● ASSIGNMENT
In the answer, every entry must appear exactly as given.

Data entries
-----

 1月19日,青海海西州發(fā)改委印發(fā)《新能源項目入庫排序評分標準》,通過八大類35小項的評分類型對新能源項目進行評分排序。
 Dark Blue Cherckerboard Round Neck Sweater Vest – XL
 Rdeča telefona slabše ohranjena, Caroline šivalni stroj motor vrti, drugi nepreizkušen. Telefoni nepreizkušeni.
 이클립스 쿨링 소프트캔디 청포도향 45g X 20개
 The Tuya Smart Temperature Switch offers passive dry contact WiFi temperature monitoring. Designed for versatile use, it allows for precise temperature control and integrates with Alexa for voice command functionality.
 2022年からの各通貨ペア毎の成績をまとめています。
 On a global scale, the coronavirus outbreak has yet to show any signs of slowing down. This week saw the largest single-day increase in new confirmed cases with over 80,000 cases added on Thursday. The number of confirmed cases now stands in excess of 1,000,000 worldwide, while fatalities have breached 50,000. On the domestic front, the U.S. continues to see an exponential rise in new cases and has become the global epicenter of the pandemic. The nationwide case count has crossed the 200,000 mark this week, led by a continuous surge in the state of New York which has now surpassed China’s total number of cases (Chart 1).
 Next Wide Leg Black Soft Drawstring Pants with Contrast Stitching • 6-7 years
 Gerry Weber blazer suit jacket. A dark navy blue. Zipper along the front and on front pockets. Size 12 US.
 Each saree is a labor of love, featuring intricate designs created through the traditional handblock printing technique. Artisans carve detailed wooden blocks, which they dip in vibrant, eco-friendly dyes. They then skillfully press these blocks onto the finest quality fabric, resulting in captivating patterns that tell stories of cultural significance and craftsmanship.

-----

● EXERCISE RESULT
 1月19日,青海海西州發(fā)改委印發(fā)《新能源項目入庫排序評分標準》,通過八大類35小項的評分類型對新能源項目進行評分排序。
 Dark Blue Cherckerboard Round Neck Sweater Vest – XL
 Rdeča telefona slabše ohranjena, Caroline šivalni stroj motor vrti, drugi nepreizkušen. Telefoni nepreizkušeni.
 이클립스 쿨링 소프트캔디 청포도향 45g X 20개
 The Tuya Smart Temperature Switch offers passive dry contact WiFi temperature monitoring. Designed for versatile use, it allows for precise temperature control and integrates with Alexa for voice command functionality.
 2022年からの各通貨ペア毎の成績をまとめています。
 On a global scale, the coronavirus outbreak has yet to show any signs of slowing down. This week saw the largest single-day increase in new confirmed cases with over 80,000 cases added on Thursday. The number of confirmed cases now stands in excess of 1,000,000 worldwide, while fatalities have breached 50,000. On the domestic front, the U.S. continues to see an exponential rise in new cases and has become the global epicenter of the pandemic. The nationwide case count has crossed the 200,000 mark this week, led by a continuous surge in the state of New York which has now surpassed China’s total number of cases (Chart 1).
 Next Wide Leg Black Soft Drawstring Pants with Contrast Stitching • 6-7 years
 Gerry Weber blazer suit jacket. A dark navy blue. Zipper along the front and on front pockets. Size 12 US.
 Each saree is a labor of love, featuring intricate designs created through the traditional handblock printing technique. Artisans carve detailed wooden blocks, which they dip in vibrant, eco-friendly dyes. They then skillfully press these blocks onto the finest quality fabric, resulting in captivating patterns that tell stories of cultural significance and craftsmanship.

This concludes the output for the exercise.